But anyway, I found Gibson incredibly stimulating the whole time I was there. And he did have his wonderful way of challenging you without putting you down. I think it’s a gift. Not many people have that. I now turned into a psychologist. I work with brain injury and whole bunch of things. I have to try very hard to be like that, challenging people without putting them down. Challenging their way of life, challenging their ideas, challenging their life styles, and all those sorts of things in order to get them straight. And it’s very hard to do that without scaring people or intimidating them, or demeaning them.

He was a terrible driver by the way. I don’t know if anybody here has driven with him. I had an occasion and I couldn’t believe he was the guy who is Mr. Perception, Mr. Locomotion, men. I don’t think he had an accident, but he scares hell out of me. I scare the hell out of people when I drive so….

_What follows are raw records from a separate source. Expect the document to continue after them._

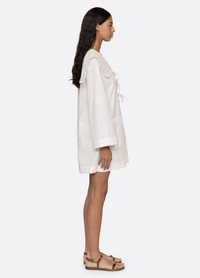 The Marie embroidered dress features front tie closures, detailed eyelet embroidery throughout and mini silhouette. DETAILS - 100% cotton - slip on - front tie closure - style #PF25-076 - model is 5'10'' and wearing a size S
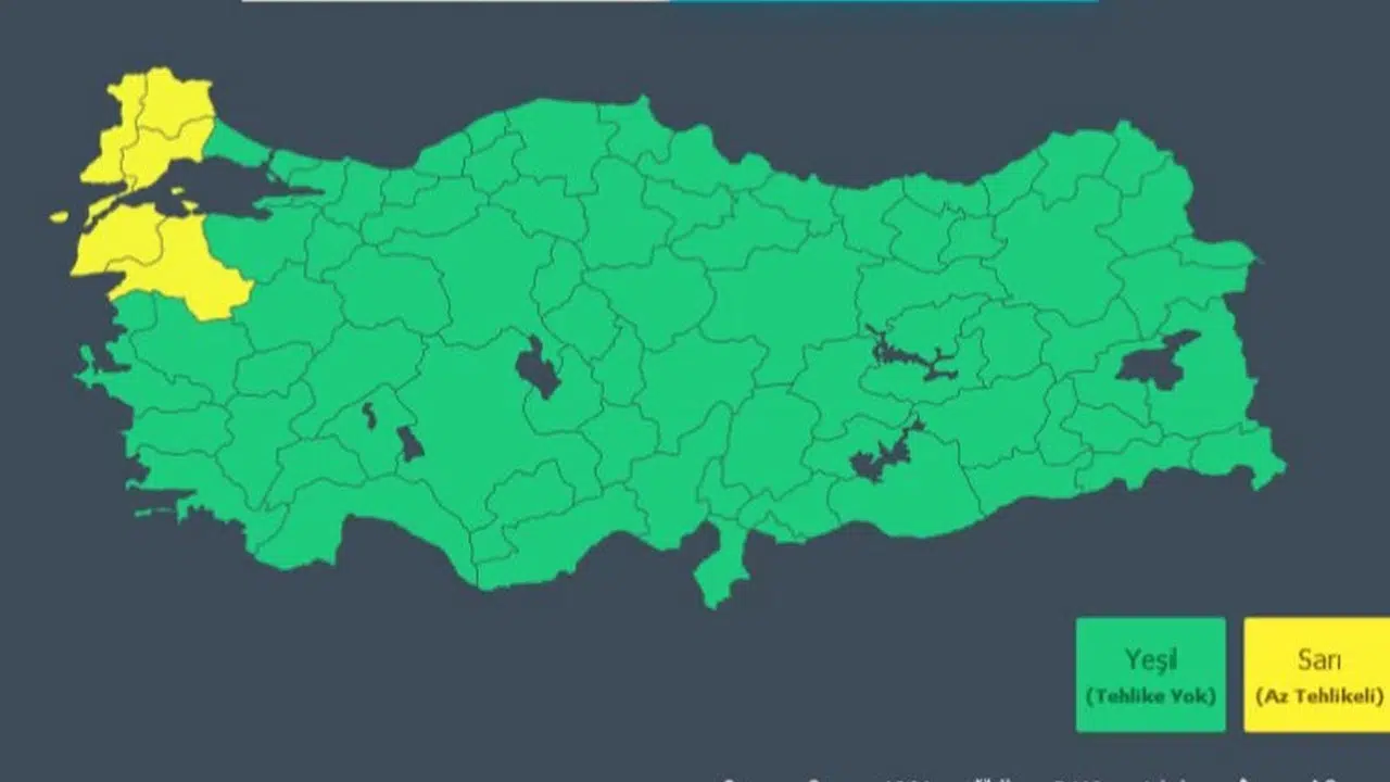 Meteoroloji Genel Müdürlüğü'nden yapılan açıklamaya göre, bu akşam saatlerinden itibaren Marmara'da görülecek sağanak ve gök gürültülü sağanakların Edirne, Kırklareli ve Tekirdağ'ın kuzey ve batı ilçeleri ile gece saatlerinden sonra Çanakkale çevreleri ve Balıkesir'in batı kıyı ilçelerinde yerel kuvvetli olması bekleniyor.
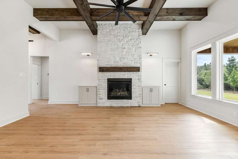 JUST WOW!!! This exquisite new build features top-of-the-line finishes. With beautiful cedar beams adorning the ceiling and quartz countertops throughout, this home is truly a masterpiece!!! The living room showcases a striking stone fireplace, and the vaulted ceilings in the master suite provide an airy feel. This stunning home boasts three bedrooms, two full baths, and an adorable half bath conveniently located off the living room. A spacious office and a generously sized laundry room add to the appeal! You will fall in LOVE the moment you walk inside!

Kennedy: Do you know why he was such a bad driver?

Kaushall: No.

Kennedy: The story is, according to him, he had been tested and his peripheral vision was very good, it was exceptionally good. So he could drive while looking at his passenger. Driving along, looking at you, talking to you and theoretically observing everything else peripherally.

Kaushall: I don’t know, he seemed to know what is doing, though. I never did have an accident with him.

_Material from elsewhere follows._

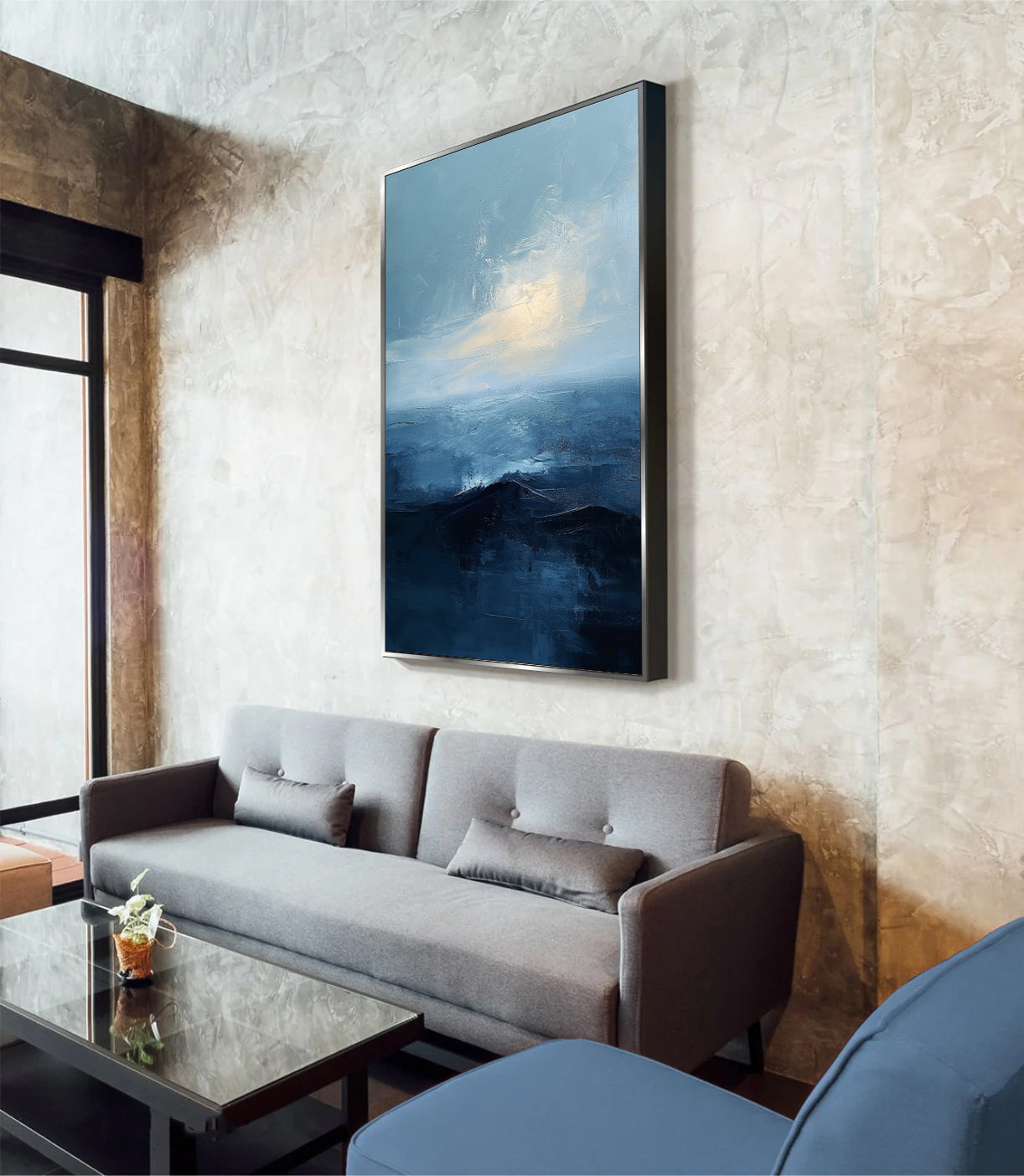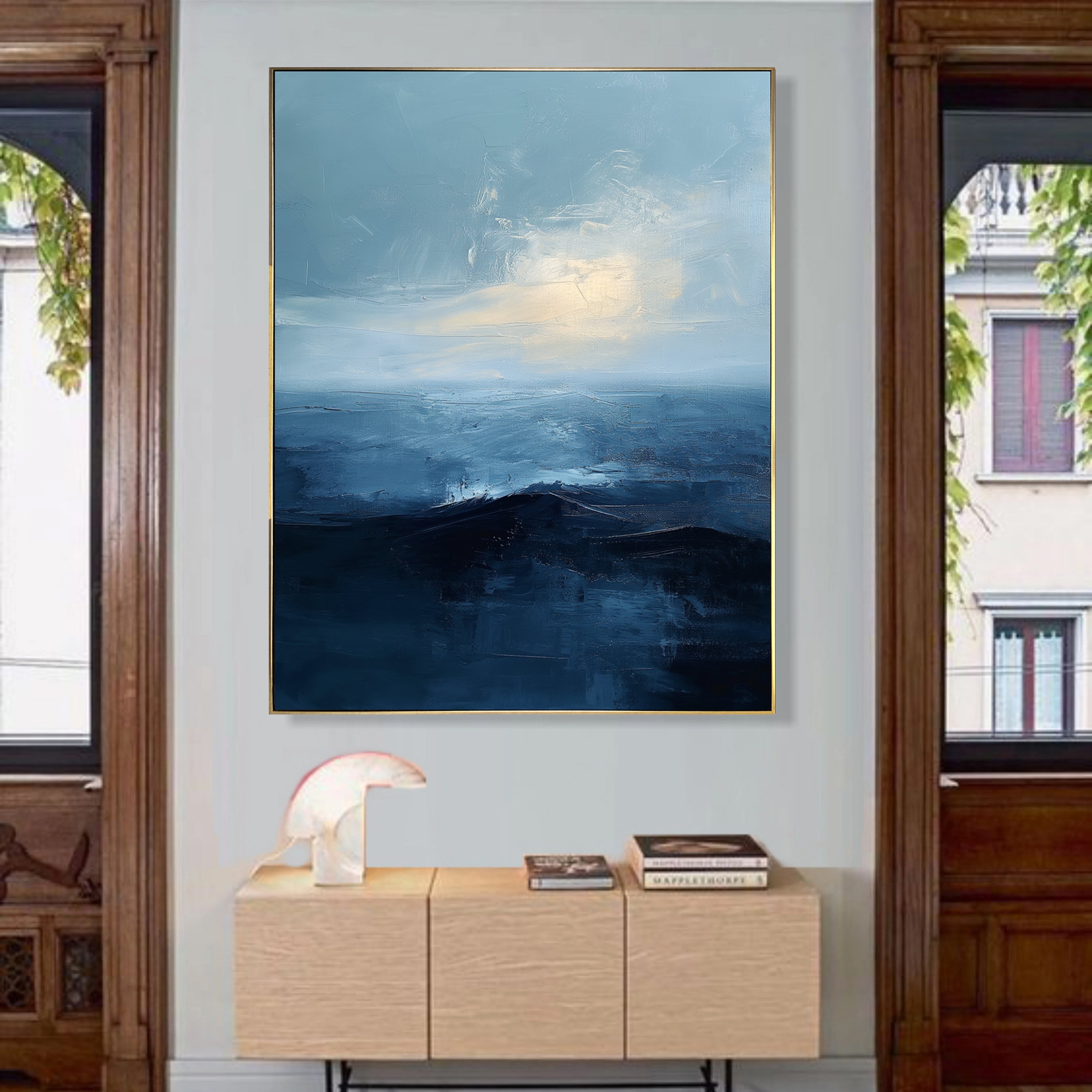 Dieses minimalistische, blaue Meeresgemälde fängt einen ruhigen Ozean unter sanftem, aufsteigendem Licht ein. Mit sattem Marineblau und cremigen Highlights ist es ein modernes Statement für küstennahe, ruhige oder neutrale Innenräume. Die abstrakte Textur strahlt Ruhe aus und verleiht Tiefe und Emotion. Ideal für Schlafzimmer, Wohnzimmer oder Büroräume – dieses Kunstwerk bringt friedliche Energie und Eleganz an Ihre Wand.

Mace: So, I think this is a good time to move to the pictures because everyone else can join in and…

Shaw: About Jimmy’s driving. My wife and I were at Cornell 69 to 70. Since we were new, we lived around the corner from him, and he often entertained us with Jackie. One night we were going to a party that students were holding. And we were driving along, in the town where he’d lived, at that time for what? 30 years? and they were looking at a map, trying to find where the student lived. And they would begin arguing about whether to turn left or to turn right and so on. And finally my wife looked over the shoulder at the map they were holding and said, “Jimmy, you are holding the map upside down.“ So here are two great perceptionists, and they are reading map upside down. So we went on toward the party. And Jimmy was driving erratically as he often did. It was snowy and we were worried about ending up in a ditch. And he didn’t really know quite which direction to go and he slams on his brakes. And the car behind him almost skids into him. And Jackie said to him, “Jimmy, that man almost ran into you.” And he said, “Oh, let me go ask him directions while he’s stopped.” (Laugh). And he did. (Laugh).

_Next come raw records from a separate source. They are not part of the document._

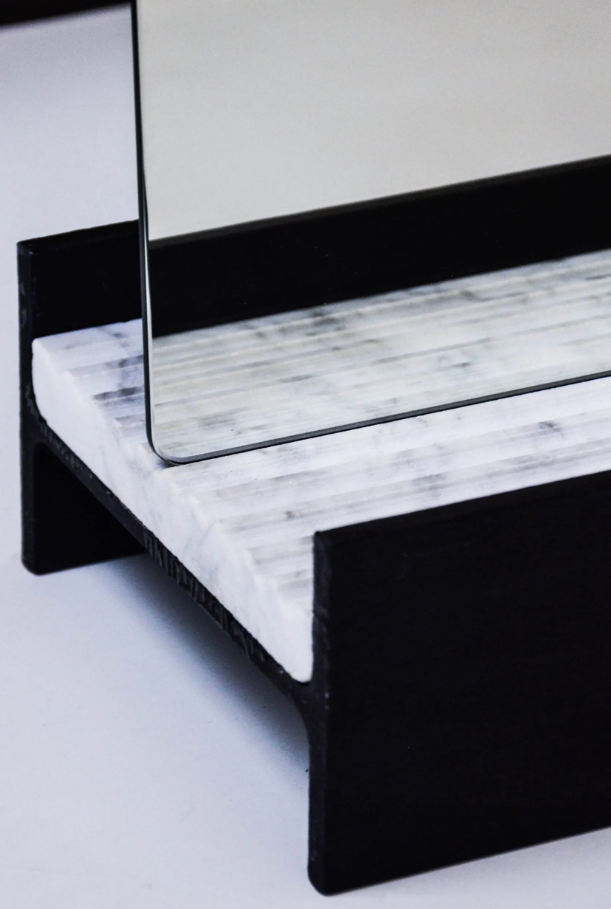 Iannis es un espejo de suelo refinado y contemporáneo que combina acero y mármol en un diseño minimalista.
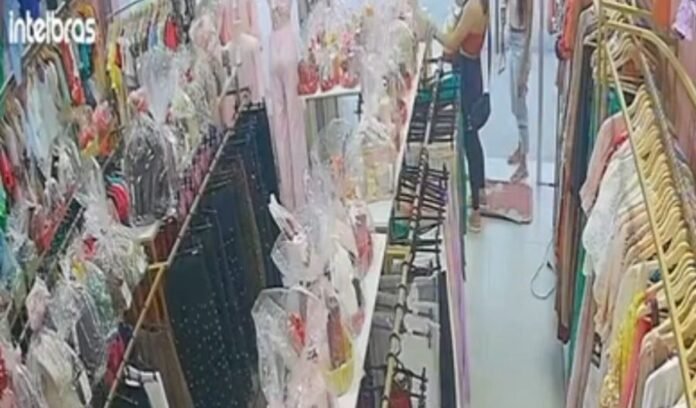 Em determinado momento, as suspeitas colocam as roupas dentro de sacolas e deixam o local sem passar pelo caixa. Toda a ação ocorre em poucos minutos.
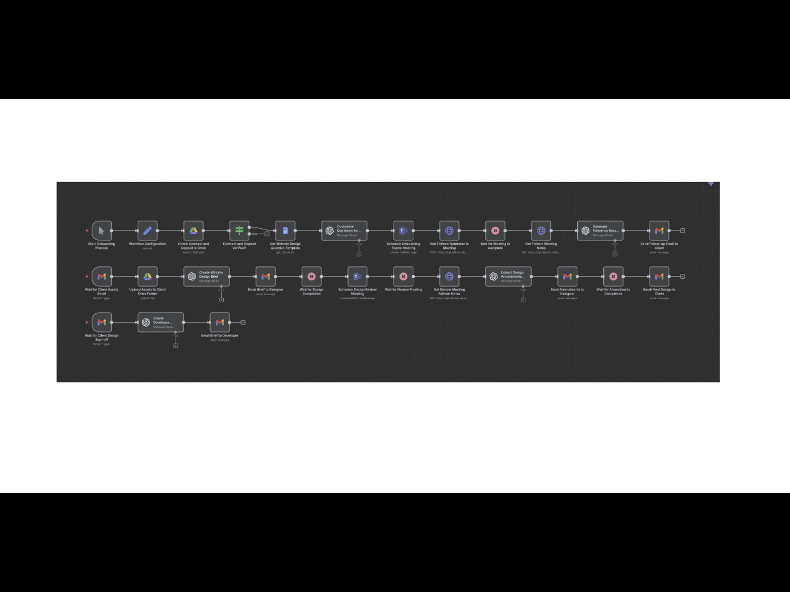 PixelNest Creative’s onboarding was slow and disorganised across emails and folders. Automated flow verifies contract and payment, customises AI questionnaire, schedules Teams call with Fathom notes, and extracts design amendments via AI.

Mace: [photograph now projected on screen]. Here are some familiar folks. These are from the famous ecological optics conference in 1970. Sverker here was the photographer. And so he had the photographer’s point of view, and you’ll see here is participants. So how many recognize some of you at the table in this picture?

How many days was this conference?

Sverker Runeson: It was a one week conference. It was the week after midsummer. The last week of June in 1970.

Mace: Notice the ashtrays on the table.

Runeson: Yes, right. I’d like to say that when Bill Mace invited me to the session here, I got all the pictures I took at this occasion. I was a very enthusiastic photographers in the 60’s and 70’s. And I decided that that would be my project when I retired -- to take care and do something out of this. The materials, all my negatives, are collected. I had to do this in a rush and I have to apologize for some imperfections in the application of all the digital possibilities that are now available in taking care of these photographs.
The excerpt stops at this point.